─── Source data ───

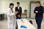 В конце лекции для школьников провели в лаборатории кафедры биохимии и микробиологии экспериментальную оценку наличия у бактерий химических индукторов, позволяющих им обмениваться сигналами.
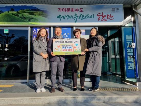 [½Åµ¿¾Æ¹æ¼Û ÇÔ¾È=À̽ŵ¿±âÀÚ]ÇԾȱºÀº 22ÀÏ ¸í´ö°íµîÇб³ Çк¸¸ðȸ(ȸÀå ÀÌÀºÈñ)¿¡¼­ ¾î·Á¿î ÀÌ¿ôµ½±â ¼º±Ý 60¸¸6000¿øÀ» ±âŹÇß´Ù°í ¹àÇû´Ù. À̳¯ ±âŹ½Ä¿¡´Â À¯¿øÁÖ ±º º¹ÁöÁ¤Ã¥°úÀå°ú ¸í´ö°íµîÇб³ Çкθðȸ ÀÌÀºÈñ ȸÀå ¹× °ü°èÀÚµéÀÌ Âü¼®ÇßÀ¸¸ç, ±âŹµÈ ¼º±Ý¡¦
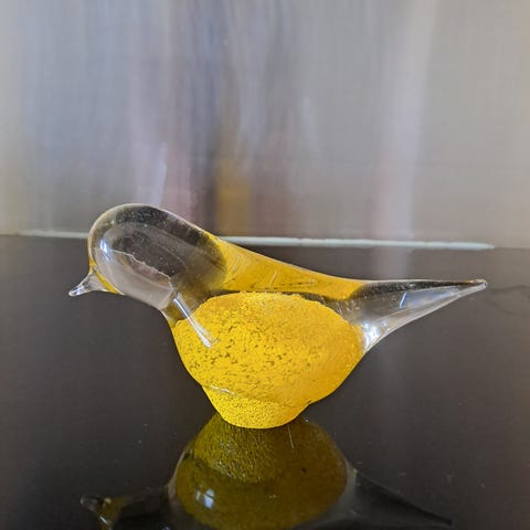 En vintage figur i glass, Mike Mus. Høyde ca 10 cm. Den er gul på baksiden slik at fargen skinner gjennom glasset. Noe farge er borte, men ellers er den i god stand.

───

— What the task requires —
Print the data again, word for word, without any pictures.

— Expected answer —
 В конце лекции для школьников провели в лаборатории кафедры биохимии и микробиологии экспериментальную оценку наличия у бактерий химических индукторов, позволяющих им обмениваться сигналами.
 [½Åµ¿¾Æ¹æ¼Û ÇÔ¾È=À̽ŵ¿±âÀÚ]ÇԾȱºÀº 22ÀÏ ¸í´ö°íµîÇб³ Çк¸¸ðȸ(ȸÀå ÀÌÀºÈñ)¿¡¼­ ¾î·Á¿î ÀÌ¿ôµ½±â ¼º±Ý 60¸¸6000¿øÀ» ±âŹÇß´Ù°í ¹àÇû´Ù. À̳¯ ±âŹ½Ä¿¡´Â À¯¿øÁÖ ±º º¹ÁöÁ¤Ã¥°úÀå°ú ¸í´ö°íµîÇб³ Çкθðȸ ÀÌÀºÈñ ȸÀå ¹× °ü°èÀÚµéÀÌ Âü¼®ÇßÀ¸¸ç, ±âŹµÈ ¼º±Ý¡¦
 En vintage figur i glass, Mike Mus. Høyde ca 10 cm. Den er gul på baksiden slik at fargen skinner gjennom glasset. Noe farge er borte, men ellers er den i god stand.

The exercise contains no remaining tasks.